Well i started the prep for the move today.
I purchased a 4 ton turfer winch, 2 lifting straps and a s/h pallet truck 
I also purchased some timber, 4x4 posts and a sheet of 18mm ply.
who needs a roof rack :





I got it all back to the shop and set about making a pallet to bolt the mill to.
made some steel runners for the bottom, note the deep csk holes so the screw heads are protected




Using my handy mobile work bench I cut the ply to size




I cut the posts to length and screwed them on the bottom of a double layer of ply




and then screwed the steel runners on




I will put D shackles in the holes to attach the slings to and then winch from the pallet so it wont pull the mill over.
I have also put together a selection of timber to make a sturdy ramp for the trailer, along with ratchet straps and some tools of useful possibilities.

The plan is to carefully lift the mill onto the pallet and the use the pallet truck to get to the trailer, winch the mill onto the trailer, drive home and reverse the process


----------



## Mo deller (Dec 3, 2009)

Yay another Beaver. Here's a photo of mine,a little model A.






I bought this from an engineer friend when he retired. He used to work for Balding engineering in Norwich where they were made.

Shall we start a Beaver owners club? ;D

Mo.


----------



## 1Kenny (Dec 3, 2009)

I have only seen pictures of beavers and they look like a well built machine.
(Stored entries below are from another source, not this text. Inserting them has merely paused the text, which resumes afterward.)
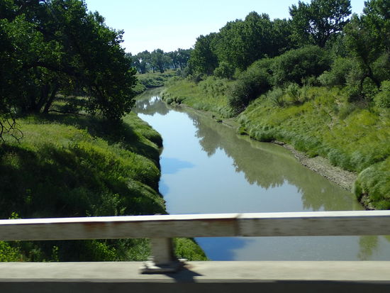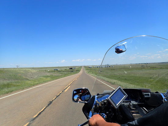 Bereits um 8.00 Uhr geht es heute los, da etwa 500km auf dem Highway 2 am Tagesplan stehen und für den Abend erneut ein Platz mit See angepeilt wird – da muss ja auch noch ein wenig Zeit zum Schwimmen bleiben. Endlose 500km – nur eben dahin. Dafür passieren wir so namhafte Orte wie Shelby (ist eine große Tuningfirma für Mustangs und Cobras), Zurich, Malta, Glasgow, Havre und Harlem. Neben der Straße begleitet uns die Bahntrasse. Da ich sonst nichts zu tun habe zähle ich die Waggons der Güterzüge – min. waren 101, max. 112 gezogen von 3 bis 4 Lokomotiven – da ist schon was unterwegs. Nach dem Mittagsstopp ist mir so langweilig, dass ich freiwillige darum bitte zu fahren – Arno bietet es mir immer mal an, aber das riesige Ding ist ja doch nicht ohne. Somit gehören die nächsten 100km mir am Lenker, und Arno muss auf den Sozius. Er sagt es zwar nicht, aber richtig wohl fühlt er sich dabei nicht – es würde wahrscheinlich vielen so gehen die es nicht gewohnt sind Beifahrer zu sein. Meine Fahrweise kann es aber nicht sein, denn ich habe keinen Fehler bemerkt *gg*. Endlich am Lewis & Clark State Forest mit einem Stausee der vom Missouri River gespeist wird angekommen schüttet es erst mal für 3 Minuten - eine dunkle Wolke. Sonst bewegen sich die Temperaturen zwischen 33 und 37° den ganzen Tag. Nach dem Zeltaufbau schmeißt sich Arno in die Fluten, ich ziehe heute die Dusche vor, da das Wasser am Ufer entlang etwas braun ist durch Wind und Wellen. Unser Standplatz liegt wie gestern direkt am Wasser, und wir genießen nach getaner Arbeit (Baden, Fotos, Schreiben, Kochen, Route planen usw.) den Blick auf den See bei einem Kartenspiel. Ich bin froh, dass Arno immer noch mit mir spielt, da er zu 70% der Verlierer ist .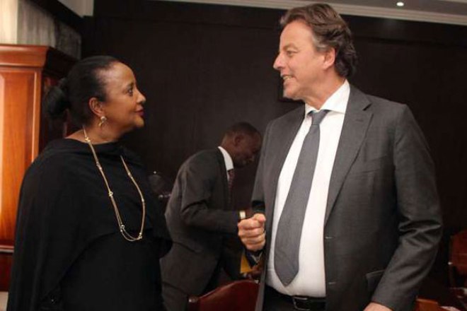 Foreign Affairs Cabinet Secretary Amina Mohamed speaks with her Netherlands counterpart Bert Koenders before a joint press briefing on April 13, 2017 at the ministry of Foreign Affairs. She is in the US to negotiate an arms deal. PHOTO | DENNIS ONSONGO | NATION MEDIA GROUP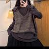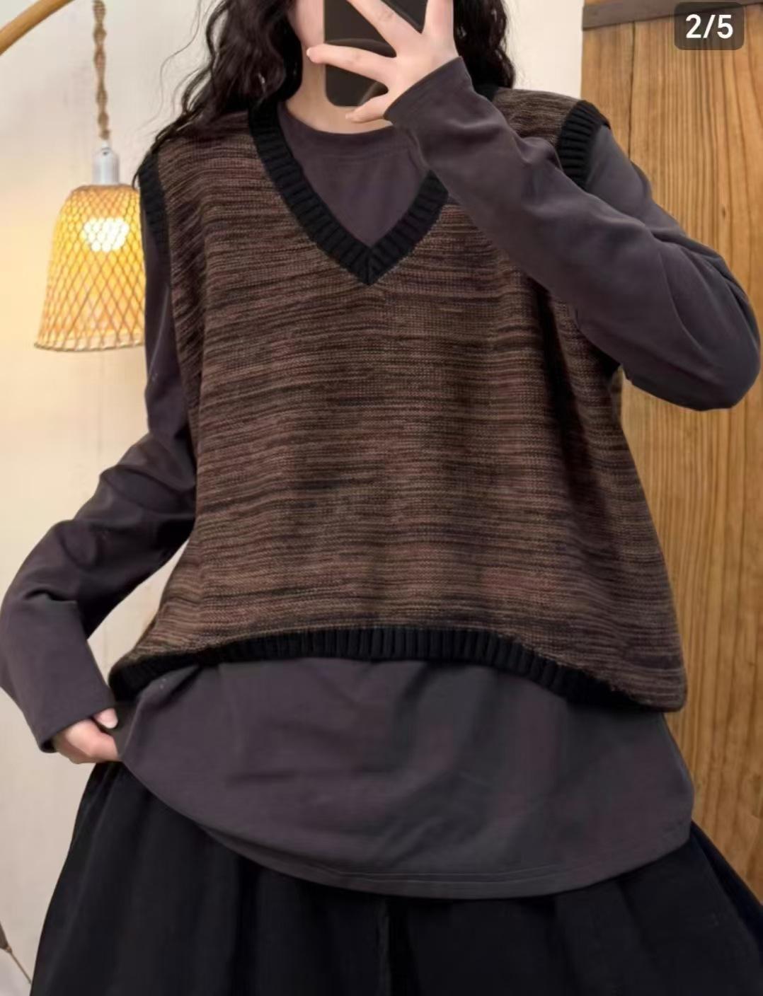 Chaleco de Punto Vintage Color Frito Cuello en V para Mujer Corto Holgado Combinable 2025 Primavera Nuevo Prendas Exteriores Apiladas Moderno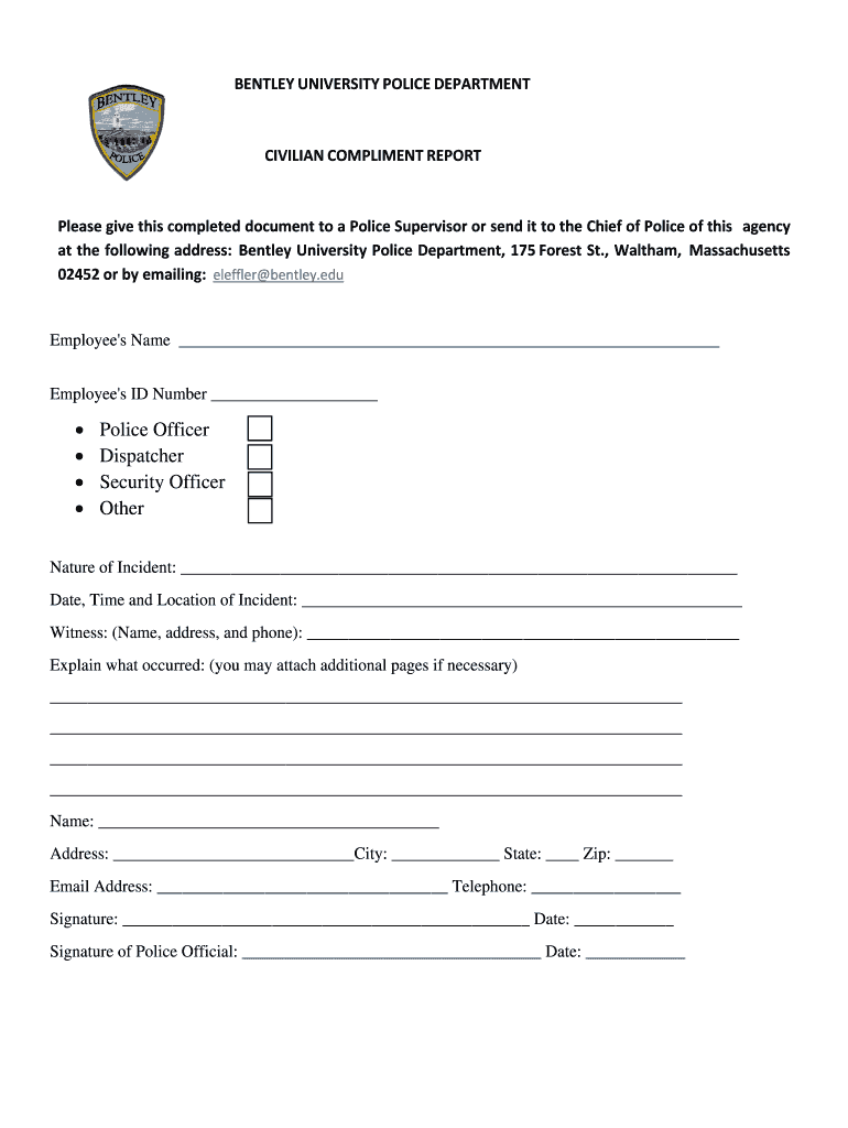 Get the free BUPD Compliment FormFILLABLE - bentley
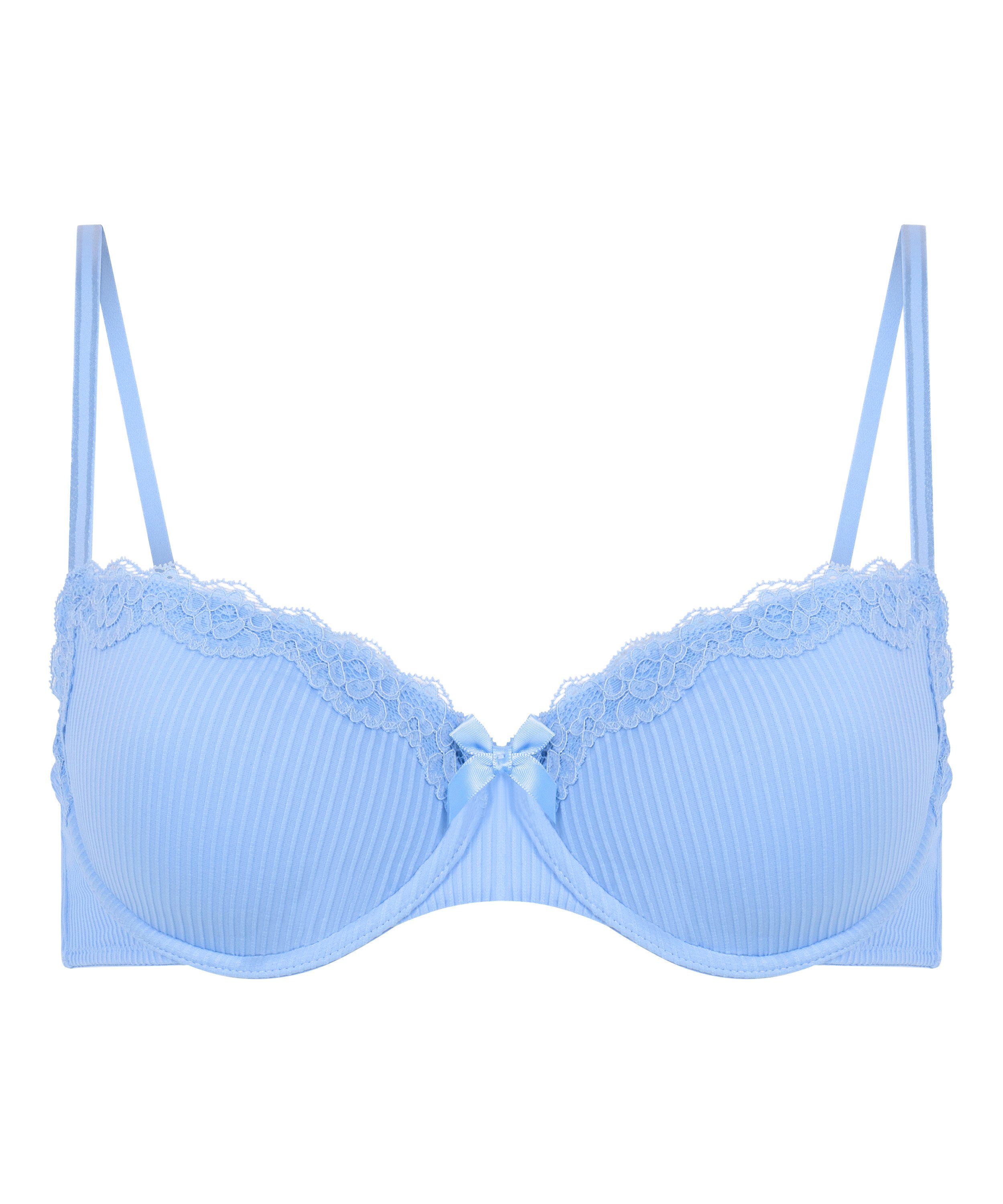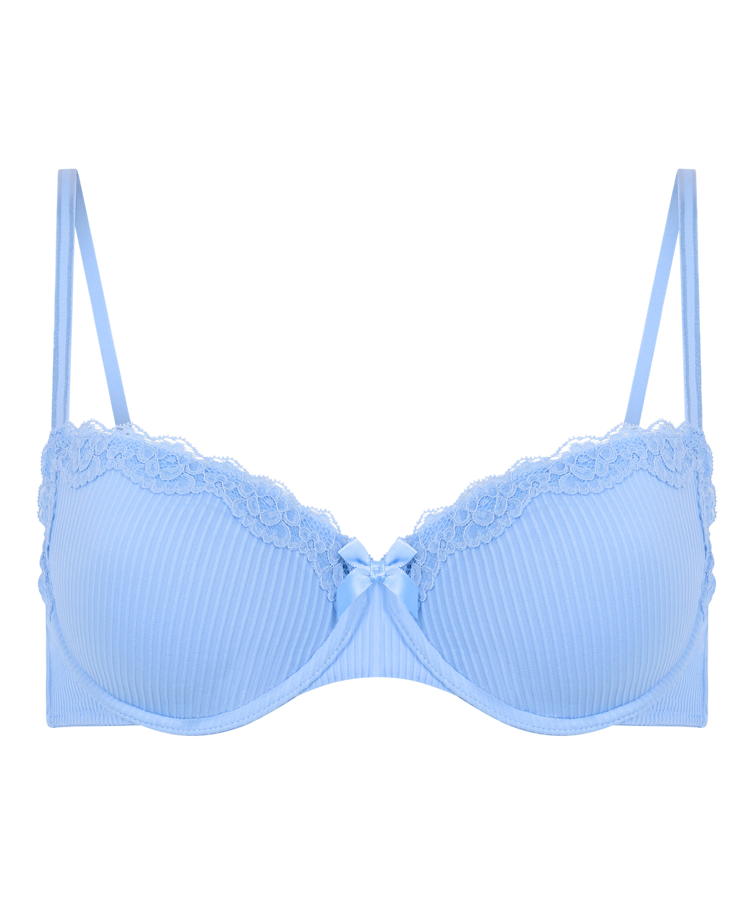 Este sujetador con aros acolchado está acabado con detalles de encaje en la parte superior de las copas. También tiene un pequeño lazo entre las copas, lo que le da un look supersexi. ¡Combínalo con los artículos a juego!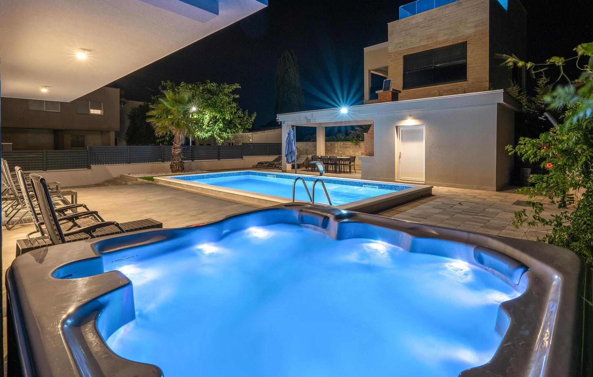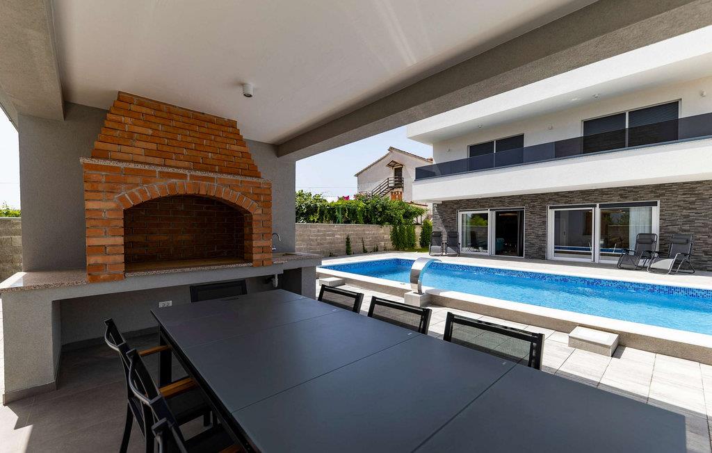 Nyd en forfriskende dukkert i poolen, og slap derefter af på liggestolene ved vandet. Brug den store indbyggede grill til at tilberede lækre dalmatiske specialiteter under åben himmel. Tilbring hyggelige stunder ved det overdækkede spisebord og nyd den varme middelhavsatmosfære udendørs.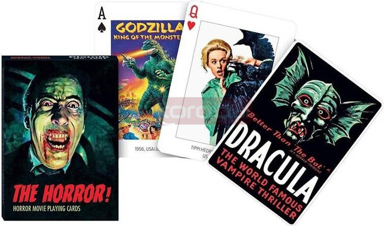Karty do gry z oryginalnymi awersami przedstawiającymi plakaty klasyków kina z gatunku horrorów. Talia składa się z 54 plastikowanych kart o wymiarach 63 x 88 mm. Wyroby wiedeńskiej fabryki Ferd. Piatnik & Sohne od 1824 roku urzekają bogactwem wzorów i perfekcją wykonania. Jakość i tradycja!

Yes, grunty, with a moveable work bench like that it seems to me you have two shops. One being mobil. 

Kenny


----------



## Troutsqueezer (Dec 3, 2009)

You might want to see if you can snag that phone booth in the background there. Might be worth something someday. We don't have those anymore over here. At least in CA. Everybody's got a cell phone now. 

-T


----------



## grunty (Dec 5, 2009)

Got it ;D ;D ;D
Bed down, head down and on the move




Up onto the palette




Time for a break








About an hour and a half later and it's time for a drive




in its new home, just some more clearing out and some positioning to do now 




Comes with...
a vice




Clarkson autolock




fly cutter




some cutters




morse adapters




clamps




and a cute badge 





£250 plus the pallet and equipment and 3 favours to mates


----------



## vlmarshall (Dec 5, 2009)

Congrats on the successful move! Is the spindle a 50 taper? I can't tell from the tooling photos.


----------



## grunty (Dec 5, 2009)

Hi
it's a 40 taper, took a while to find the engraving though


----------



## harty (Dec 7, 2009)

Hi Grunty 

I have a pdf copy of the manual for one of these if you need it
I also have the same machine they are well built and machine very nicely
did a full resoration job on mine cos it was painted with hammertone paint
and i hate hammertone paint 

cheers
Harty


----------



## grunty (Dec 7, 2009)

harty  said:
			
		

> Hi Grunty
> 
> I have a pdf copy of the manual for one of these if you need it
> I also have the same machine they are well built and machine very nicely
> ...



It did come with a manual but it is in very poor condition and only consists of printed pages so a PDF would be very helpfull thank you.
Mine is also painted in some awful hammer paint over the original grey so thats the lathe and the mill to do then :-\
Just need to find a suitable colour


----------



## harty (Dec 8, 2009)

Hi Grunty 

I emailed you a copy of the manual let me know if you don't get it 

cheers
Harty

ps just thought i would include some inspiration for you a before and after of my beaver


----------



## grunty (Dec 8, 2009)

Thats a huge improvement, I can see you have added some motors for feeds ;D ;D
I guess the hammer finish is standard as yours looks very like mine does at the moment.
Thank you for the PDF, very infomative


----------



## harty (Dec 9, 2009)

Hi grunty 

my machine had definatly had an after market paintjob original colour was a greeny gray colour no hammer finnish you could see the original paint under the badges when i took em off
the motors are stepper motors as I have converted it to cnc changed the screws to ballscrews and added a variable speed drive 
if you want to know what it looks like inside i have a whole set of photos of the rebuild and conversion

cheers
harty


----------